A Limitless Pursuit

“All America lies at the end of the wilderness road, and our past is not a dead past, but still lives in us. Our forefathers had civilization inside themselves, the wild outside. We live in the civilization they created, but within us the wilderness still lingers. What they dreamed, we live, and what they lived, we dream.” -T.K. Whipple

Five More Minutes

Five more minutes, sometimes that is all that it takes. It doesn’t sound like much time because it is not. What you can do with it matters the most. Five more minutes can be the difference between a completing a limit and striking out. Five more minutes can quickly turn into a lifelong story and an event that you will relive for the rest of your life. Sometimes five more minutes is just that, a little more time.

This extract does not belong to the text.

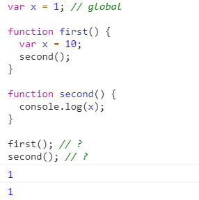 그렇기 때문에, second() 함수가 first() 함수 안에서 호출된 것과 상관없이 second() 함수는 global 범위에 선언되어 있으므로, global 범위에 있는 변수 x의 값 1이 두 번 출력된 것이다.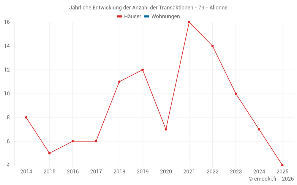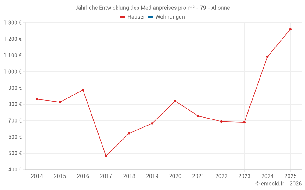 Der Durchschnittspreis auf den 15 Hausgeschäften der letzten 24 Monate in der Gemeinde Allonne betrug 1 026 € pro Quadratmeter für einen mittleren Immobilienwert von 124 560 €. Über diesen Zeitraum hinweg lagen 60% der Transaktionen zwischen 553 und 1 522 € pro Quadratmeter (vom 2. bis zum 8. Dezil).

Every time I take a step into the wilderness and venture out into nature, I always have to go back to reality. Every time, I find myself making the same excuses to stay a little longer. Often times I set a fraudulent deadline for when I will pack it in. There is no one to hold me accountable and no repercussions for going beyond my own limits. One more drift, one more cast, when the birds stop flying, after the coffee is gone. The excuses, much like the opportunities are endless but the result is always the same. Just like hitting the snooze button on an early Monday morning before work, the time goes by too quickly, so we do it again. Over and over looking to become fulfilled, searching for some other peace of mind before we need to go.  On those early Monday mornings we are trying to delay the inevitable. When we are outdoors we try to prolong the experience.

Why?

We make these excuses for the same reason in which we are there in the first place: the unknown. We know that somewhere out there, beyond our comfort zone there is something worth fighting for. It is something that plants ideas into our minds and plays with our dreams; it is more than enough to keep us going. It is the lunker at the end of the line that will eventually hit. It’s the giant buck that decides to make an appearance at the eleventh hour of last day of the season. It is the last duck to give you a look, which happens to be banded. It is the experience and the impact it has on us. If we look hard enough, eventually what we are looking for doesn’t need to revolve around taking game. Instead of producing piles, the participation alone is enough. The pleasure of watching bird dogs working a late season pheasant in the last patch of cattails. The resulting flush of color reflecting off the autumn sun makes it all worth it.  There comes a time when we get just as much pleasure watching a trout swim back into the river, as we do pulling it out of the river. These are gifts in and of themselves. When we let go of our expectations and replace it with appreciation, we are able to find so much more.

For some reason I always seem to enjoy the last five minutes. This is the time when I get to reflect on the day that I have had and prepare for it to end. When the daylight is ending or I find myself needing to be somewhere else, five more minutes is all that I ask for.